■ **SUPPLIED RECORDS**
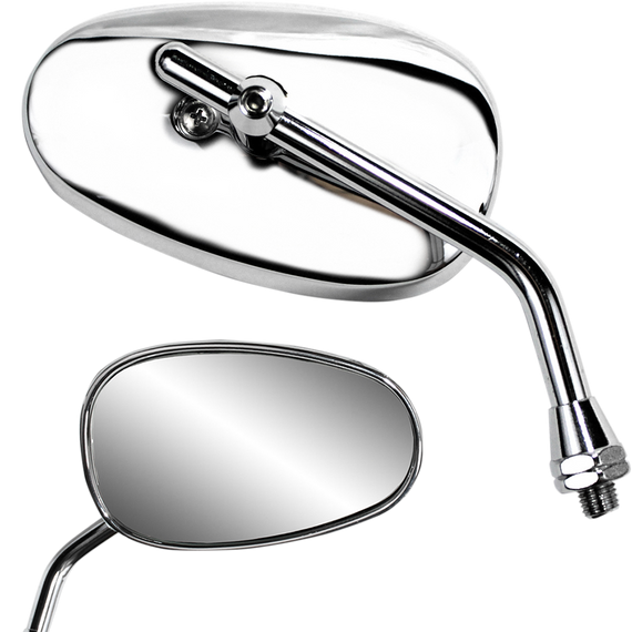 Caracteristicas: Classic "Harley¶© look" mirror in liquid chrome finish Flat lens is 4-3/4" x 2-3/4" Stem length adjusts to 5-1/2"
--
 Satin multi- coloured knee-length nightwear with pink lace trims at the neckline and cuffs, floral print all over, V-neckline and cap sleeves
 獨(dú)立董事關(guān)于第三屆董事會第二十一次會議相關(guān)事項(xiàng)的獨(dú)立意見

■ **WHAT TO WORK ON**
All lines in the data above from the one with "Satin multi- coloured" through the one with "獨(dú)立董事關(guān" must be repeated exactly, and no others.

■ **RESULT FOR THIS EXERCISE**
 Satin multi- coloured knee-length nightwear with pink lace trims at the neckline and cuffs, floral print all over, V-neckline and cap sleeves
 獨(dú)立董事關(guān)于第三屆董事會第二十一次會議相關(guān)事項(xiàng)的獨(dú)立意見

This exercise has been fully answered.